South Korea’s President Moon Jae-in will meet Pope Francis on Oct. 18. and will deliver an invitation from the leader of North Korea Kim Jong-un to visit Pyongyang. The news was broken by the spokesman for the South Korean leader today.
Asked today if Pope Francis would accept the invitation, Greg Burke, the director of the Holy See’s press office, said, “Let’s wait for the invitation to arrive first.”
Mr. Burke added that Cardinal Pietro Parolin, the Secretary of State will celebrate Mass in St. Peter’s Basilica at six o’clock the previous evening, Oct. 17, for peace in the Korean peninsula, at which President Moon will participate.
President Moon, a Catholic, has played a very active role in promoting peace between North and South Korea and in helping avert a conflict with the United States. According to the Korean Times, Mr. Kim Eui-kyeom, the spokesman for the South Korean leader revealed that “President Moon suggested that Chairman Kim meet the pope, pointing out that he is very much interested in peace on the Korean Peninsula” and “Kim promised Moon he would give a fervent welcome to the pope if he visited Pyongyang.”
President Moon, a Catholic, has played a very active role in promoting peace between North and South Korea and in helping avert a conflict with the United States.
President Moon arrives in Europe on Oct. 13 as part of a nine-day visit to various countries. He will visit the Vatican on Oct. 17-18 and, according to Yonhap newsagency, “he will seek the pope’s blessing and support for peace and stability on the Korean Peninsula and discuss ways for future cooperation with the Vatican.”
Pope Francis, who advocates a culture of encounter over confrontation, is well aware of the fragile and at times dramatic political reality in the Korean peninsula. The country has been divided along the 38th parallel since the end of World War II and its people have suffered tension, conflict and division ever since the Korean War (1950-53), which ended with an armistice truce, not peace.
Pope Francis visited South Korea in August 2014, where there is a vibrant Catholic community with some 5.5 million members or just over 10 percent of the South Korean population.
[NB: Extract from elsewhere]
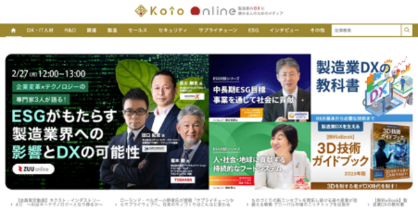 これらの課題を解決すべく、『Koto Online』は自社のノウハウや事例を広く発信するだけでなく、さまざまな製造業の取り組み事例やその成果、業界の専門家インタビューなどのコンテンツも配信し、日本の製造業が進むべき未来を明らかにしていきます。

At the end of that visit, he celebrated a nationally televised Mass in the cathedral of Myeong-dong in Seoul, on Aug. 18, “for the peace and reconciliation” of the entire Korean people, many of whose families have been divided across the 38th parallel ever since 1945.
In his homily, in the crowded cathedral, he invited everyone to “pray for the emergence of new opportunities for dialogue, encounter, and the resolution of differences, for continued generosity in providing humanitarian assistance to those in need, and for an ever-greater recognition that all Koreans are brothers and sisters, members of one family, one people. They speak the same language.”
Since then, he watched with growing concern the escalating tensions and even threats of nuclear attacks between the United States and North Korea, a country of 25 million people where religious freedom is not recognized and Catholics are very few. North Korea has very close ties with China, with which the Holy See recently signed a first ever agreement.
“Korea is living at a Kairos, a moment of grace, and important time."
His decision last year to condemn not just “the use” but also “the possession” of nuclear arms as “immoral” also resulted from this dramatic situation where the terrifying prospect of their use, even by accident, became every day more threatening not only to the peoples of Korea and the United States, but also to the wider world. He issued his condemnation in a speech at a conference in the Vatican on Nov. 10, 2017.
The Holy See, which has kept a dialogue with North Korea throughout these years, and sent aid and a delegation to Pyongyang more than once, invited North Korea to send a delegate to that conference, but it did not do so.
With the election of the new president of South Korea, Mr. Moon, the situation began to change for the better as he worked hard to create a climate in which the possibility of denuclearization in North Korea and peace in the peninsula became possible.
On June 10 of this year, Pope Francis asked thousands of pilgrims in St. Peter’s Square and believers worldwide to join him in praying for the success of the first ever face-to-face meeting between a sitting president of the United States and the leader of North Korea in Singapore two days later. He prayed that the historic encounter between President Donald Trump and President Kim Tong-un “may contribute to the development of a positive path that can assure a future of peace on the Korean peninsula and throughout the entire world.” On that occasion, he also extended to “the beloved Korean people,” meaning those living in the north and south, “a particular thought in friendship and prayer.”
On learning the news that President Moon would meet the pope next week and bring an invitation of the North Korean leader to him to visit his country, Bishop Lazzarus You Heung-sik of the South Korean diocese of Daejeon, who is also head of the bishop’s conference “Commission for Society,” told Vatican Insider: “Korea is living at a Kairos, a moment of grace, and important time. Two years ago we saw a change of government, and President Moon has done everything possible to avoid war in Korea. He strongly believed in change, in spite of the skepticism of public opinion. Now we see the peace process move ahead, and we hope that it can be soon realized.”
As for the possibility of the pope visiting North Korea, it should be noted that Francis has already visited Asia three times and intends to visit Japan in 2019, so it would not be difficult for him to go to Pyongyang then.